Chief Information Officer at property management powerhouse JLL, Chris Zissis, recently spoke to CIO UK about empowering innovation, digital transformation, executive support and working with emerging tech startups. [Also read: How CIOs can work with startups]
Zissis and JLL started working with machine learning startup Leverton in 2016 and in his discussion with CIO UK, offered advice to startups about how to sell themselves to CIOs and large corporates.
1. Be clear with your objectives
Zissis said that being completely transparent about what startups want - whether that is investment, growth potential or another reason - is the best policy to build trust. CIOs will ask, Zissis explained: "Do you really have a product or service? Is it built on a scalable basis? Are you really looking for a means to sell your product or idea or are you looking for investment?”
Zissis said that JLL was probably not the kind of organisation to invest in a young organisation just so the startup can become bigger. "My advice is, be very clear from the outset - literally the get-go about what your objective and desired outcome is," Zissis said. "So if your objective and desired outcome is talking to a CIO for investment and so they can grow bigger, startups need to tell you that from the outset."
2. Show you are not a risk
Zissis said that working with Leverton needed to be a partnership between the organisations, and that startups need to appreciate the governance frameworks and environments that larger corporates operate in.
If the startup has a great product but needs it better informed to apply to the enterprise world, Zissis said of the relationship with Leverton, then conversations and relationships are much easier so the companies can work on the project together. "I do not have a massive balance sheet to invest in," Zissis said.
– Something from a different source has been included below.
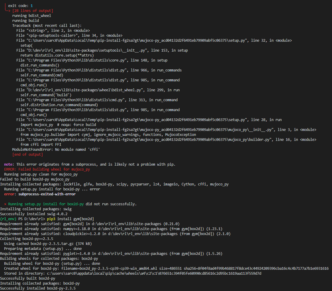 command: 'C:\Users\Junior\Anaconda\envs\gym\python.exe' -u -c 'import sys, setuptools, tokenize; sys.argv[0] = '"'"'C:\\Users\\Junior\\AppData\\Local\\Temp\\pip-install-w8awn22p\\box2d-py\\setup.py'"'"'; __file__='"'"'C:\\Users\\Junior\\AppData\\Local\\Temp\\pip-install-w8awn22p\\box2d-py\\setup.py'"'"';f=getattr(tokenize, '"'"'open'"'"', open)(__file__);code=f.read().replace('"'"'\r\n'"'"', '"'"'\n'"'"');f.close();exec(compile(code, __file__, '"'"'exec'"'"'))' install --record 'C:\Users\Junior\AppData\Local\Temp\pip-record-netg1nlq\install-record.txt' --single-version-externally-managed --compile --install-headers 'C:\Users\Junior\Anaconda\envs\gym\Include\box2d-py'

"That little pivot point for me is key; that's the honesty factor from the outset. And if honesty isn't there you figure it out very quickly because we make investment decisions based on a delegated level of authority.
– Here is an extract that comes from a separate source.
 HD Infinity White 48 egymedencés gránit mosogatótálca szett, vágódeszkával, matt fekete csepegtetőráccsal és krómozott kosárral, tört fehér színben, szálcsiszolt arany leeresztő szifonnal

"There is no CIO in this world, unless they have a pot of money or two, who can invest in something that's risky. We go through a process of approval and governance like every other corporate does. And startups need to understand that, and if they don't understand it I think they get frustrated."
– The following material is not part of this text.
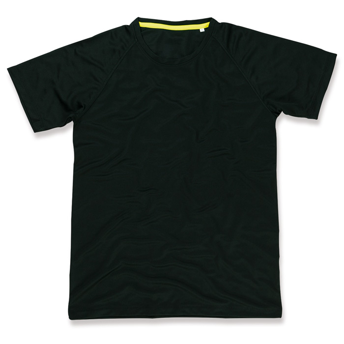Crew neck T-shirt for men, regular fit, side seams, raglan sleeves, stretchy fabric, decorative flatlock seams, contrast neck tape in cyber yellow, small size label in teh collar, care label in the side seam. Material: 100% Active-Dry polyester bird-eyelet mesh, 140 gsm. Sizes: S-M-L-XL-XXL.

3. Sustainability, not pace
Zissis said that sustainability and adding value was higher up the agenda for CIOs and corporates than moving at a really significant pace.
"I have found the new incumbents are just far too eager to move at pace," Zissis said. "And the pace often outweighs value.
"I'm not saying don't move at speed because IT departments are often accused of not moving at speed of the business - but we require sustainability."